Greek broadcasting company

New Hellenic Radio, Internet and Television (Νέα Ελληνική Ραδιοφωνία, Ίντερνετ και Τηλεόραση) or NERIT (ΝΕΡΙΤ) was the state-owned public broadcaster for Greece from 4 May 2014 to 11 June 2015. Antonis Samaras' coalition government established NERIT to replace the Hellenic Broadcasting Corporation (ERT) in 2013: NERIT began broadcasting under their identity on 4 May 2014, replacing the transitional service Dimosia Tileorasi.

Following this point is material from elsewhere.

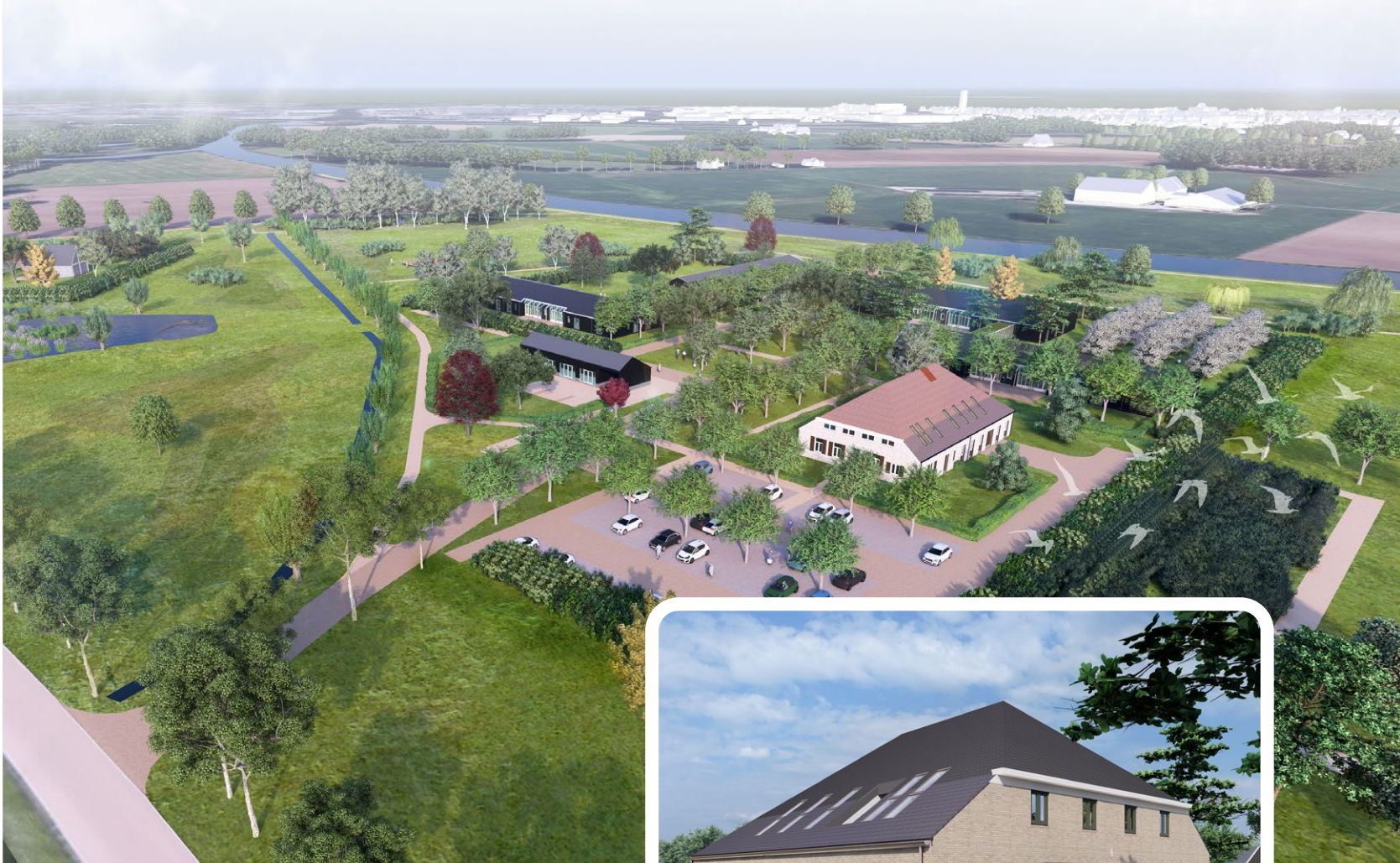
Zorgpark Warmse Water komt tussen Doetinchem en Terborg, vlakbij de Oude IJssel.

behorende dagbesteding en ondersteunende functies. Het gaat daarbij om mensen met een verstandelijke beperking en een intensieve begeleidingsvraag en cliënten met niet-aangeboren hersenletsel.

In 2015, the government (by then under Alexis Tsipras as Prime Minister) restored ERT as Greece's public broadcaster, and NERIT ceased broadcasting on 11 June 2015 (at 6:00 EEST).

==History==
===Background===

On 11 June 2013, the Greek government announced its intention to close ERT, due to unfair recruitments over the past 30 years of previous governments' favors to persons without degrees and without passing the exams of ASEP with exchange of voting them eternally and with immediate effect and to open a new organization entitled NERIT (Νέα Ελληνική Ραδιοφωνία, Ίντερνετ, Τηλεόραση - Nea Elliniki Radiofonia, Internet, Tileorasi - New Hellenic Radio, Internet and Television) and built it from top to bottom, with employees with degrees and certifications of passing the exams of ASEP. That night, the government started to shut down every transmitter of ERT in Greece. Many employees refused to leave ERT's headquarters at the Broadcasting House in Agia Paraskevi and continued to broadcast an internet TV channel on Greek, Cypriot and other European media sites. A few days later, ERT's signal was restored on some analogue frequencies in Greece, broadcasting a strike programme from Agia Paraskevi. In the meantime, the president of PASOK, Evangelos Venizelos, blackmailed the prime minister that if he did not stop the closing of the Hellenic Broadcasting Corporation, he would immediately leave the coalition government, along with the president of the Democratic Left, Fotis Kouvelis and push the country into new elections, which meant another expenditure against the people and lack of stability in the country.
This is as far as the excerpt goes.